Yine ekranların dayattığı ideal kadın görüntüsüne ulaşmak için kadınlar endüstrinin pazarladığı kozmetik ürünlere ve estetik operasyonlara mecbur bırakılmaktadır. Estetik operasyon yapan yerlerin yaygınlaşması bu konuya dair taleplerin oldukça arttığını göstermektedir. Ayrıca gün geçtikçe batıda olduğu gibi ülkemizde de estetik yaşı hızla düştüğü gibi yaşı geçkin kadınlara kadar estetik operasyon talebi artarak yaygınlaşmaktadır.

Kadın güzelliğini; estetik, makyaj, kıyafet olmasa ekranlarda filtreler ile illaki sağlamak zorunda hissetmektedir.
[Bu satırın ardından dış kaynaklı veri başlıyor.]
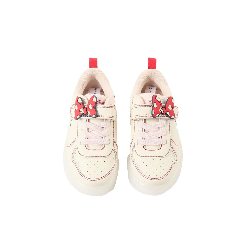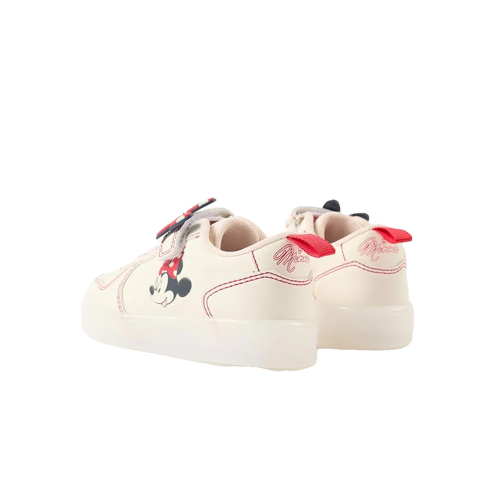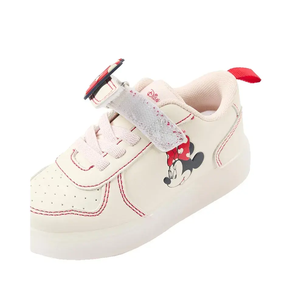 Кроссовки с подсветкой для маленьких девочек, изготовлены из синтетической кожи бежевого и красного оттенков. Рельефные детали в виде Минни. Эластичные шнурки и сенсорная застежка позволяют легко надевать и снимать кроссовки. Сетчатая подкладка для повышения воздухопроницаемости. Полупрозрачная резиновая подошва с нескользящими светодиодными лампочками, активирующимися при ходьбе. Пользуется большим успехом у детей. Стельки Big Me с полукруглым рисунком помогут вашему ребенку легко определить соответствующую форму стопы, способствуя его независимости.
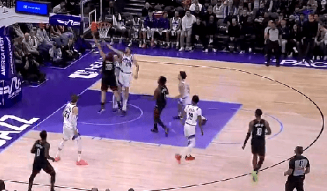 比賽的門助第二節(jié),申京攻守轉(zhuǎn)換接阿門助攻,跨步大跨步殺到籃下上籃打進?;@下
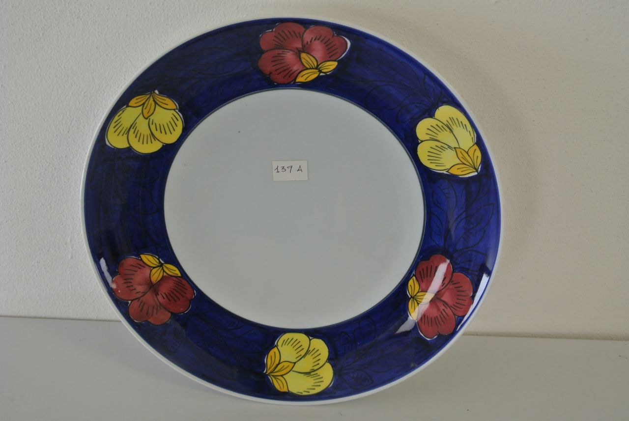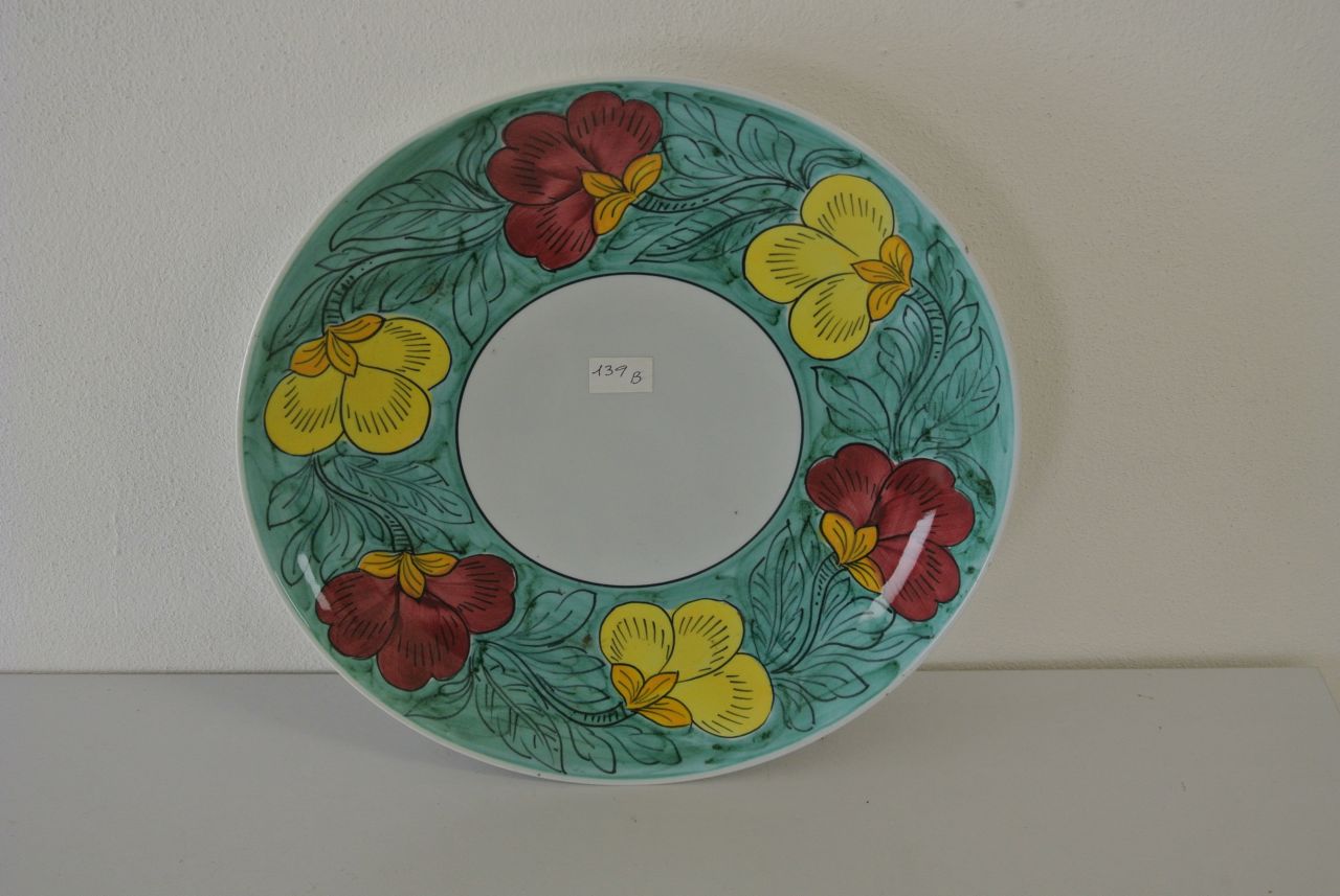 Due piatti in ceramica "A" e "B". "A" con calotta bassa, fascia blu e fiori a seguire gialli e rossi; "B" simile ad "A", ma con fascia verde chiaro e corona a seguire con fiori, rami e foglie. I fiori sono rossi e gialli e il resto al tratto in nero

Sosyal medyanın sanaldan daha çok gerçek bir hayat olarak algılanması bu alanı daha gerçekçi olarak zihinlere kazınmaya başlamıştır. Bedenlerinden rahatsız olan ve kaçan nice kadının anlık görsel hazlarını tatmin etmesinden dolayı sosyal medya uygulamalarına bağımlılık duygusu günden güne artmaktadır. Bu güzellik yarışında, kadının beden algısı ve kendilik bilincinin medya tarafından zaafa uğratılarak değiştirilmesi, kadını endüstrinin en güvenilir taşıyıcısı konumuna çıkarmıştır.
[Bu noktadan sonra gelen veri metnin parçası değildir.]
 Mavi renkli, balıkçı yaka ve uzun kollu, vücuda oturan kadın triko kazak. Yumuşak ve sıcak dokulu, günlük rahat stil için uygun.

Sosyal medyada sürekli ve hızlı değişen resimlerin yansıttığı hep başkasının güzelliğidir. Başkasının güzelliğine ulaşmak isteyen kadın sürekli güzellik merkezlerinin yollarını aşındırmakta hatta abone sistemlerine kaydolmak zorunda kalmaktadır. Çünkü masallara bile konu olan güzelliğini sürekli aynalara “Ayna ayna, söyle bana benden daha güzeli var mı?” sorusuyla sorgulayan kraliçenin düştüğü durum gibi bitmek tükenmek bilmeyen bir güzellik sorgusu yapılmaktadır… Evet, ekranlar her zaman daha güzelini daha çekicisini çıkarmaktan çekinmemektedir. Onun için mükemmel ve kusursuz bir güzellik yoktur. Sürekli peşinden koşulan ama çoğu zaman ulaşılmaz olduğu için kadını bitkin ve harap düşüren, psikolojisini bozan bu güzellik arayışı bir hakikat arayışı gibi ömür boyu devam etmektedir. Modern dünya kadını daha çok cinselliğiyle özgürleştirmeyi vaat ederken, kadının bütün yeteneklerini ve değerlerini bu uğurda tüketime sunmaktadır. Modern dünyanın köle pazarı olan medya ekranlarında teşhir edilen kadının özgürlüğü, görsellik zindanlarında hapsedilmiş ve bir mahpus gibi prangalarından kurtarılmayı beklemektedir.


[1] Foucault, M. (2007). Cinselliğin Tarihi.(Çev. Hülya Uğur Tanrıöver) İstanbul: 2007. Ayrıntı Yayınları. s:72

[2] Byung-Chul Han, Enfokrasi, (Çev: Mustafa Özdemir) İstanbul, 2022, Ketebe Yayınları, s:13

[3] Çerçi Dükkânı: Eskiden, köy köy, kasaba kasaba dolaşarak, herkesin ihtiyaç duyduğu bin bir eşit ufak tefek eşyalar satan seyyar satıcılara verilen isim.